Use of DistributedDataParallel

parser.add_argument('--dist_url', default="env://", type=str)
parser.add_argument('--rank', type=int)
parser.add_argument('--gpu_to_work_on', type=int)
params = parser.parse_args()

def example():
    from torch.nn.parallel import DistributedDataParallel as DDP

    init_dist(args)

    model = nn.Linear(10, 10).cuda(params.gpu_to_work_on)
    ddp_model = DDP(model, device_ids=[params.gpu_to_work_on])

    loss_fn = nn.MSELoss()
    optimizer = optim.SGD(ddp_model.parameters(), lr=0.001)

    outputs = ddp_model(torch.randn(20, 10).cuda(params.gpu_to_work_on))
    labels = torch.randn(20, 10).cuda(params.gpu_to_work_on)

    loss_fn(outputs, labels).backward()
    optimizer.step()


def init_dist(params):
    params.rank = int(os.environ["RANK"])
    params.world_size = int(os.environ["WORLD_SIZE"])
    dist.init_process_group(
        backend="nccl",
        init_method=params.dist_url,
        world_size=params.world_size,
        rank=params.rank,
    )
    params.gpu_to_work_on = params.rank % torch.cuda.device_count()
    print('rank:', params.rank)
    print('gpu_to_work_on:', params.gpu_to_work_on)
    print('n_gpus:', torch.cuda.device_count())
    torch.cuda.set_device(params.gpu_to_work_on)
    return

if __name__ == '__main__':
    example()

python -m torch.distributed.launch main.py
Am I correct using DistributedDataParallel?

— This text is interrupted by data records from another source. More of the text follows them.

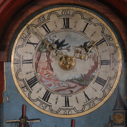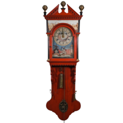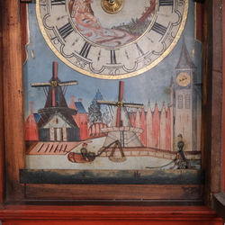| Omschrijving | Friese staartklok, dubbelkapper, met meekrap eikenhouten kast met open timpaankap en 3 koperen bollen, 5 slag mechaniek molen, toren, vissersmechaniek, dubbele bel, gesign. Pieter Scheffer (1752-1827), Sneek,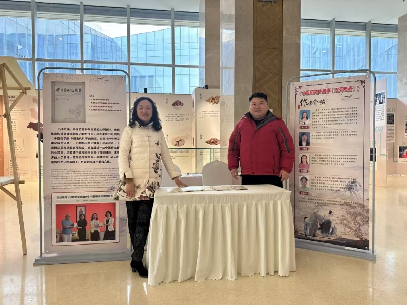 当天上午,博物馆广场人潮涌动,博物馆一楼展厅固定展台展示了绵阳中医药历史文化、历代名医和医学著述、中医药历史文物及道地特色中药材等。我校离退休教师金虹教授主编的《中医药文化故事(汉英双语)》一书于2023年08月由四川科学技术出版社出版发行,该书作为高校医学著述的代表,在此次活动中与其他相关图书一起集中亮相。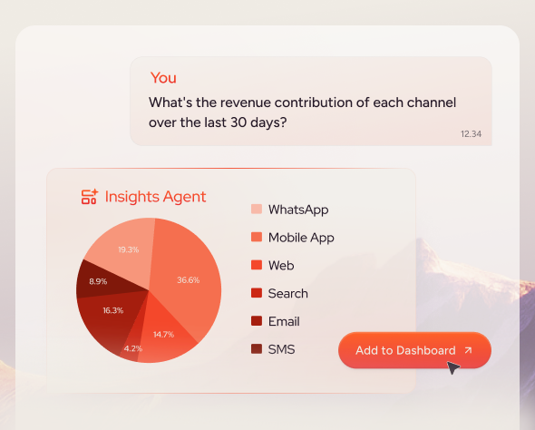 Check out our interactive platform tour to get a step-by-step walkthrough of how Insights Agent helps marketers, CRM and ecommerce experts generate insights through natural conversations.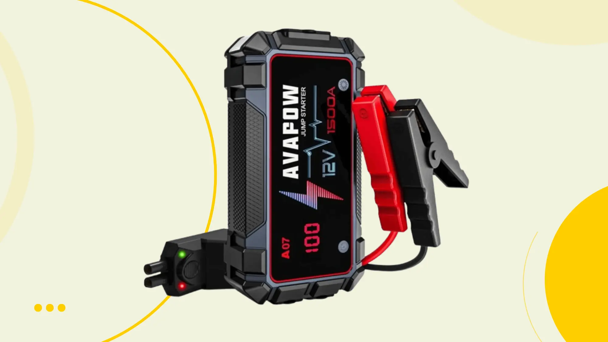 Experience reliable jump starts with the AVAPOW A07 Battery Jumper Starter. Features 1500A peak current, IP65 waterproof rating, USB quick charge, and built-in LED emergency light for all your 12V vehicles.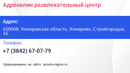 Адреналин, развлекательный центр по адресу 650068, Кемеровская область, Кемерово, Стройгородок, 1Б в дальнейшем Организация, размещена в следующих категориях: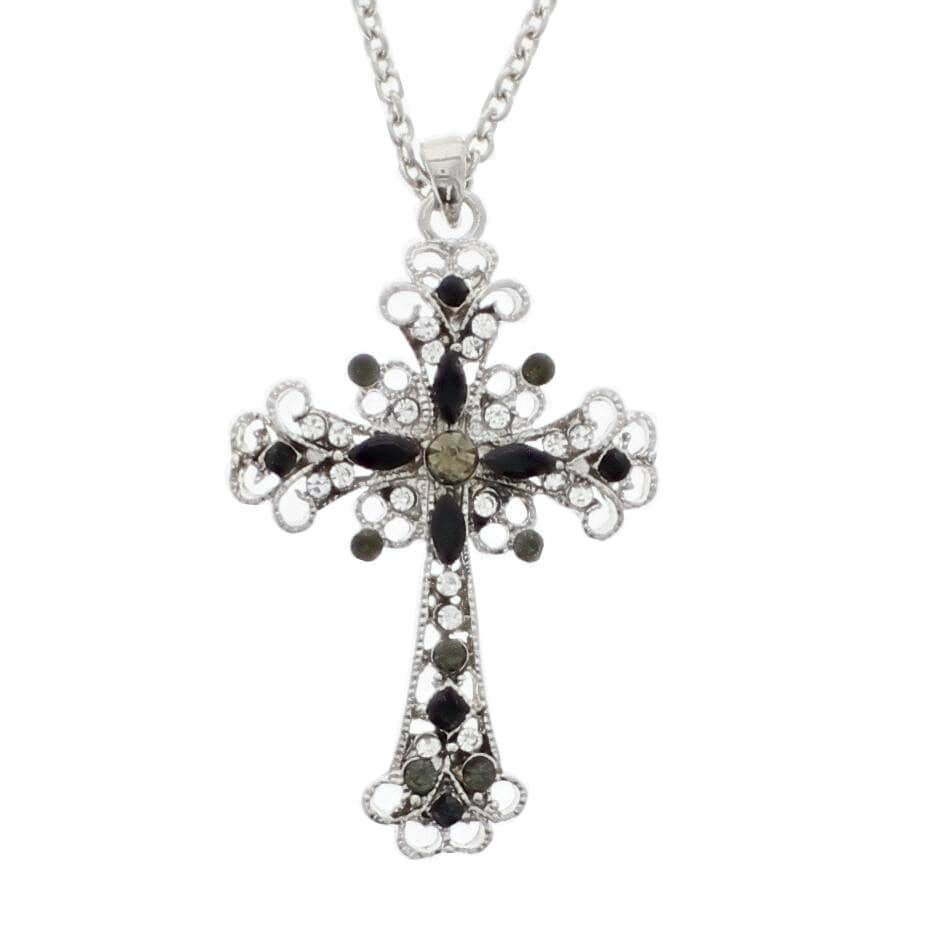Black Pearl & Diamante Stone Cross Necklace - Silver Chain for Women Crystal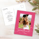 Pink Elegant Script Graduation Party Invitation Postcard dispose d'un script magnifique et élégant superposant votre photo, ainsi que les détails de votre fête et la photo sur le dos.
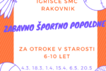 Namenjeno otrokom v starosti 6-10 let, potekalo bo vsak drugi petek na igrišču SMC-ja, med 16.00 in 18.00. Otroci se bodo po dolgem tednu šole lahko sprostili ob različnih športnih igrah, krepili svoje telo in duha ter med seboj sklepali nova prijateljstva. Za informacije pokličite na 030 352 040 ali nam pišite na [email protected]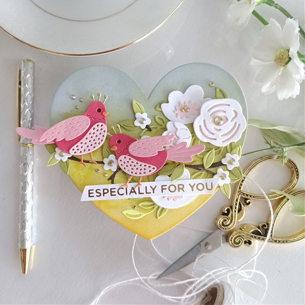 Hello Crafty Friends, I hope you are having a great day! Today I am creating a card using the Spellbinders Large Die of the Month Club Kit for DECEMBER 2022. This month there are 13 cutting dies included in the Blooming Heart Die Set, the dies this month create a large heart that can be used as a shaped card with beautiful florals that can be layered or used on their own. I always like to do a different take on the die set so I decided to also use the bird and branch dies from the Spellbinders Card Kit of the Month for this month too. I hope you enjoy my project!

Hi oasjd7. It looks like you have done what’s required to use DDP. You have initialized the process group and created a DDP model. You are using the torch.distributed.launch to run your example. Are you having problems with your example code?

1 Like

@gcramer23 Thanks for your reply. There was no error but, I just wondered that my code is working fine as I intended.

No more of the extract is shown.